Input:
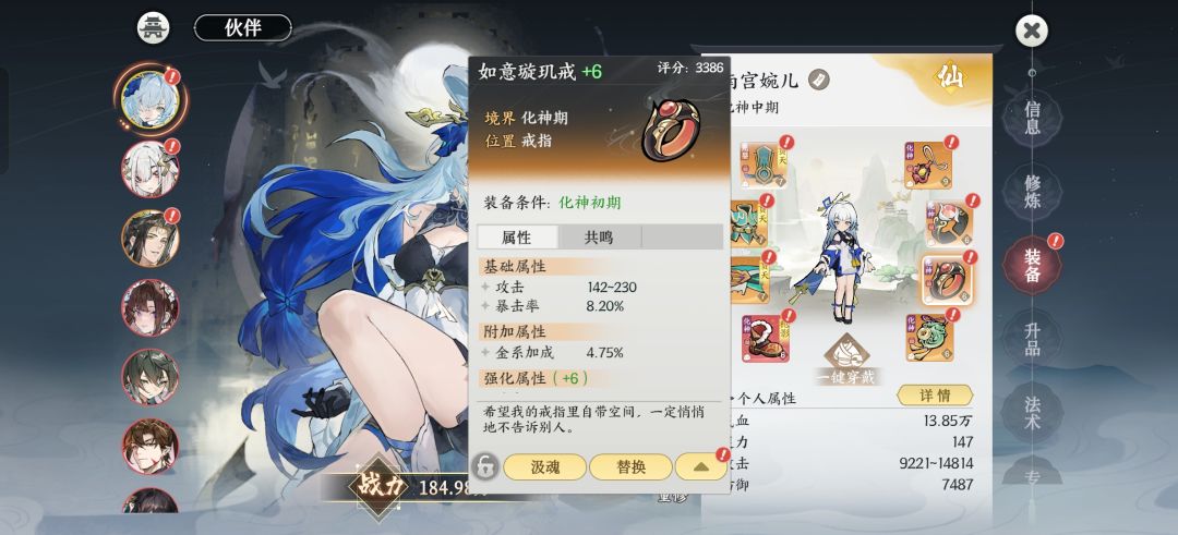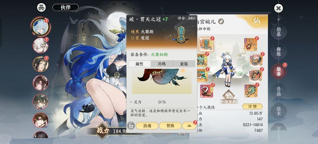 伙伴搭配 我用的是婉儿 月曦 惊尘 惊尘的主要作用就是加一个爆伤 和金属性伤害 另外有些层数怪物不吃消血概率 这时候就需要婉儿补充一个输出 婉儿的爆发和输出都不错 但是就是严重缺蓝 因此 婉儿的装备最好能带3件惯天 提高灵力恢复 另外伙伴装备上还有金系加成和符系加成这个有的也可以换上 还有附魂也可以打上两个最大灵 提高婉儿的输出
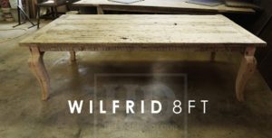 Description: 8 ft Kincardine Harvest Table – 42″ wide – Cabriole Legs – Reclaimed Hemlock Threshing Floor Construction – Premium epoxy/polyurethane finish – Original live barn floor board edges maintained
* * *
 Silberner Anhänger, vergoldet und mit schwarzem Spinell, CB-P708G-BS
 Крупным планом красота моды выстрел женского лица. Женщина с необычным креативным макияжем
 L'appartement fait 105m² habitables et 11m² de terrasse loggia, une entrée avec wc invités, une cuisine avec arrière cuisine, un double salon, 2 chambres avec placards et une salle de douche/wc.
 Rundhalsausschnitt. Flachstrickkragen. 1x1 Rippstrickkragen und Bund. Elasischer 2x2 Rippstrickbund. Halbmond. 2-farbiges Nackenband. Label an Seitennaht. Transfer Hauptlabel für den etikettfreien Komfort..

Exercise brief: Look above for the line with "Silberner Anhänger, vergoldet" and the line with "L'appartement fait 105m²". Write out those two lines and all the lines between them, exactly, and no others.

Exercise response:
 Silberner Anhänger, vergoldet und mit schwarzem Spinell, CB-P708G-BS
 Крупным планом красота моды выстрел женского лица. Женщина с необычным креативным макияжем
 L'appartement fait 105m² habitables et 11m² de terrasse loggia, une entrée avec wc invités, une cuisine avec arrière cuisine, un double salon, 2 chambres avec placards et une salle de douche/wc.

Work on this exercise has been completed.